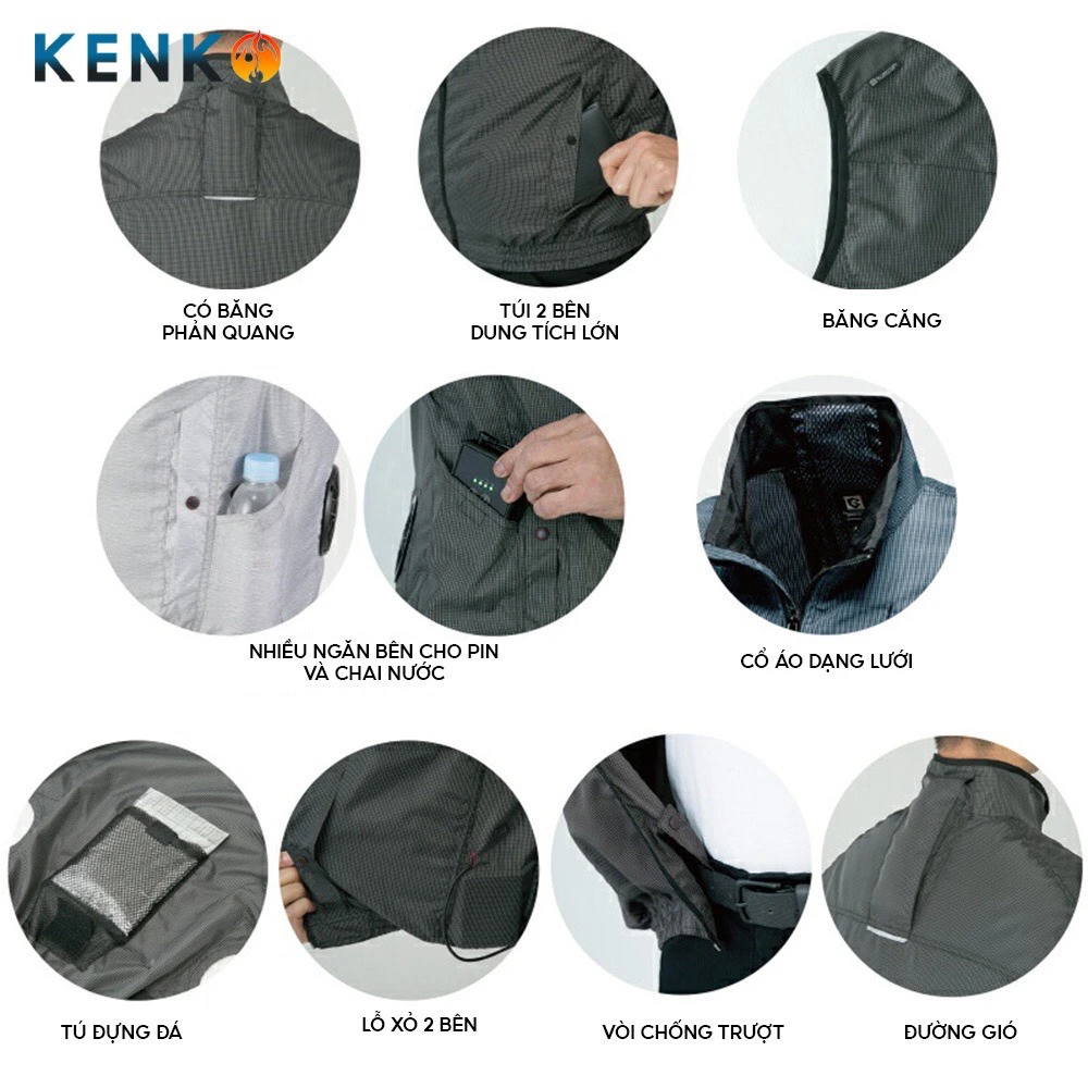 Áo điều hòa Kenko dài tay bán rời (không có pin + sạc + dây cáp)
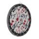 This dartboard is perfect for music lovers and game enthusiasts alike. Featuring a beautiful pattern of musical notes, sheet music symbols, and hearts in black and red, this dart board is sure to provide hours of entertainment and relaxation. With its unique design, it makes a great gift for friends and family who appreciate music and darts.
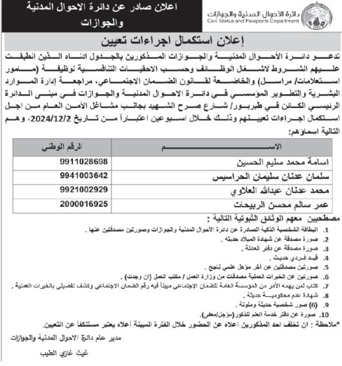 شواغر ومدعوون للتعيين في مؤسسات حكومية (أسماء) On ديسمبر 2, 2024 Share وكالة الناس – دعت وزارات ومؤسسات حكومية ،الاثنين، المرشحين التالية اسماؤهم الى الحضور لغاية استكمال اجراءات التعيين، وكما أعلنت مؤسسات أخرى عن توفر شواغر لديها. وتاليا الاسماء والتفاصيل:
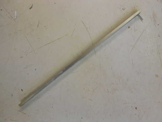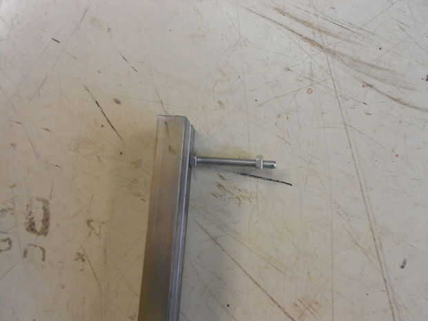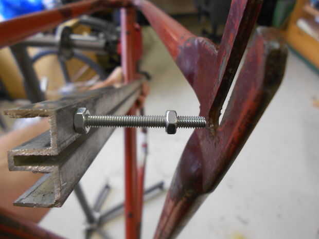 Tomé un carril de aluminio, un tornillo y algunas nueces. Luego perforar un agujero en un extremo del riel y fija el tornillo a través de él con una tuerca. La tuerca se sienta perder el tornillo y se utiliza para comparar el lado izquierdo y derecho de la horquilla trasera pulsando el riel firmemente al tubo de dirección y tubo de sillín del cuadro de forma que el tornillo de puntos a través de los orificios del eje. Como esta usted puede encontrar que lado de la curva en (lado derecho en mi caso) y qué lado para doblar hacia fuera (lado izquierdo aquí).
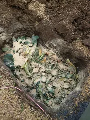 家庭栽培で出た残渣を畑の隅に穴を掘って埋め米糠、籾殻くん炭、を層にして入れて踏み固めて上から土を被せて、後は1ヶ月に1回程度、掘り返して空気を入れてあげます自然の、サイクルでごみも、減り堆肥で作れて一石二鳥。
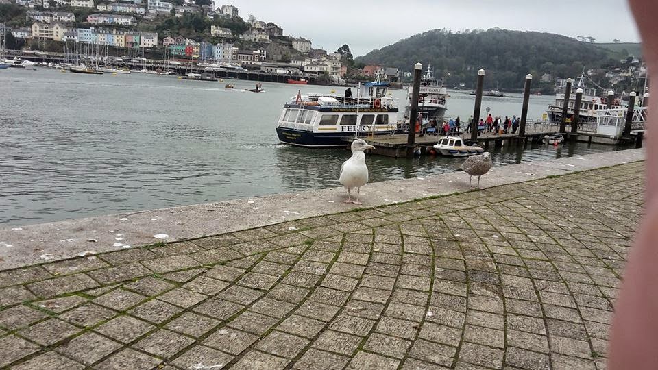 Leaving Herself in bed, I'm down the field with the dogs by 8.30am. With breakfast out of the way we are on the road to Totnes by 10.45 and find a place to park with remarkable ease.
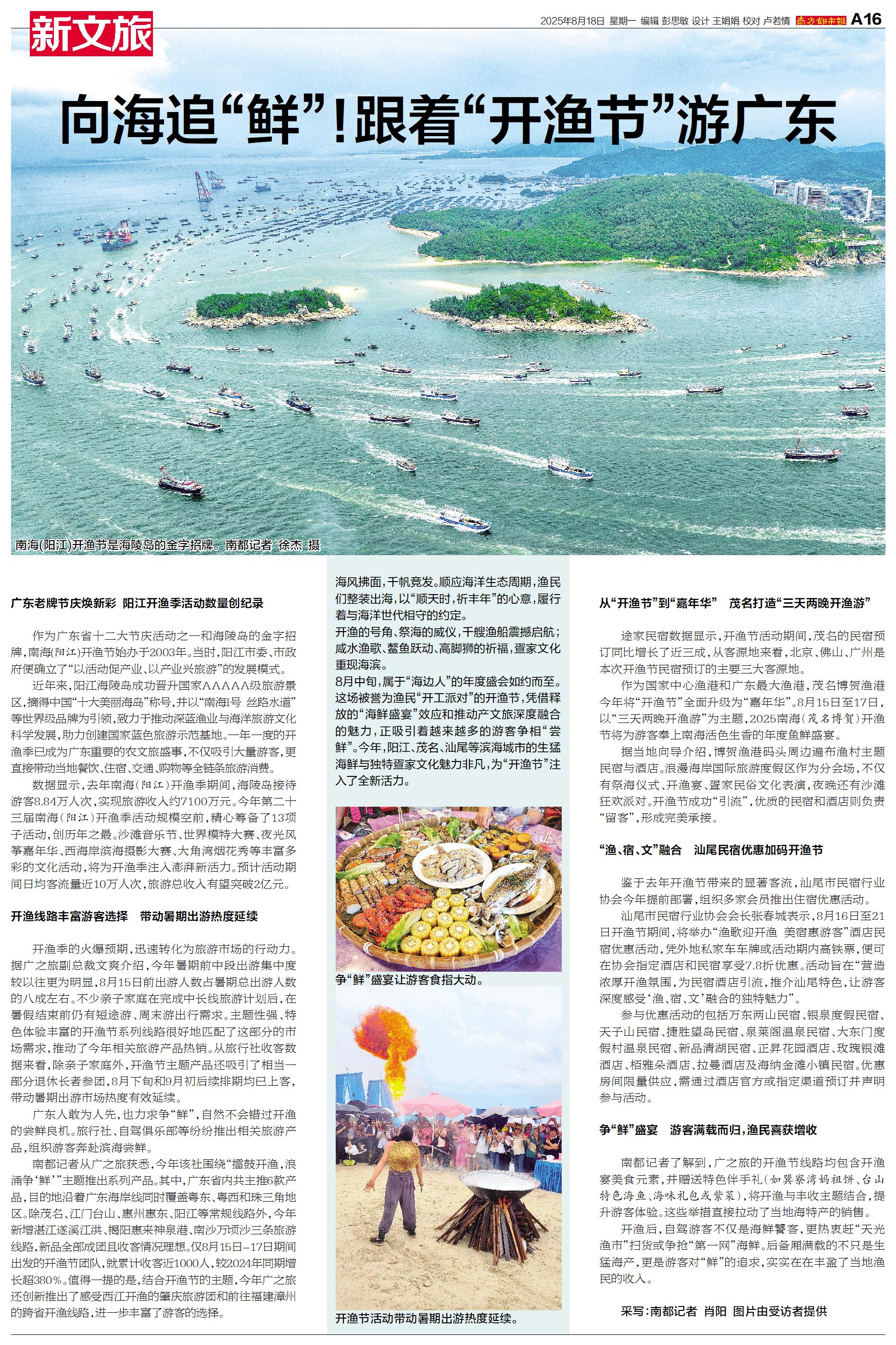 南都记者从广之旅获悉,今年该社围绕“擂鼓开渔,浪涌争‘鲜’”主题推出系列产品。其中,广东省内共主推6款产品,目的地沿着广东海岸线同时覆盖粤东、粤西和珠三角地区。除茂名、江门台山、惠州惠东、阳江等常规线路外,今年新增湛江遂溪江洪、揭阳惠来神泉港、南沙万顷沙三条旅游线路,新品全部成团且收客情况理想。仅8月15日-17日期间出发的开渔节团队,就累计收客近1000人,较2024年同期增长超380%。值得一提的是,结合开渔节的主题,今年广之旅还创新推出了感受西江开渔的肇庆旅游团和前往福建漳州的跨省开渔线路,进一步丰富了游客的选择。

---------------

Required action -
Above this task is a listing with pictures in it. Retype only the lines from the one containing "شواغر ومدعوون للتعيين" through the one containing "Tomé un carril", both included, and not the pictures.

Expected output -
 شواغر ومدعوون للتعيين في مؤسسات حكومية (أسماء) On ديسمبر 2, 2024 Share وكالة الناس – دعت وزارات ومؤسسات حكومية ،الاثنين، المرشحين التالية اسماؤهم الى الحضور لغاية استكمال اجراءات التعيين، وكما أعلنت مؤسسات أخرى عن توفر شواغر لديها. وتاليا الاسماء والتفاصيل:
 Tomé un carril de aluminio, un tornillo y algunas nueces. Luego perforar un agujero en un extremo del riel y fija el tornillo a través de él con una tuerca. La tuerca se sienta perder el tornillo y se utiliza para comparar el lado izquierdo y derecho de la horquilla trasera pulsando el riel firmemente al tubo de dirección y tubo de sillín del cuadro de forma que el tornillo de puntos a través de los orificios del eje. Como esta usted puede encontrar que lado de la curva en (lado derecho en mi caso) y qué lado para doblar hacia fuera (lado izquierdo aquí).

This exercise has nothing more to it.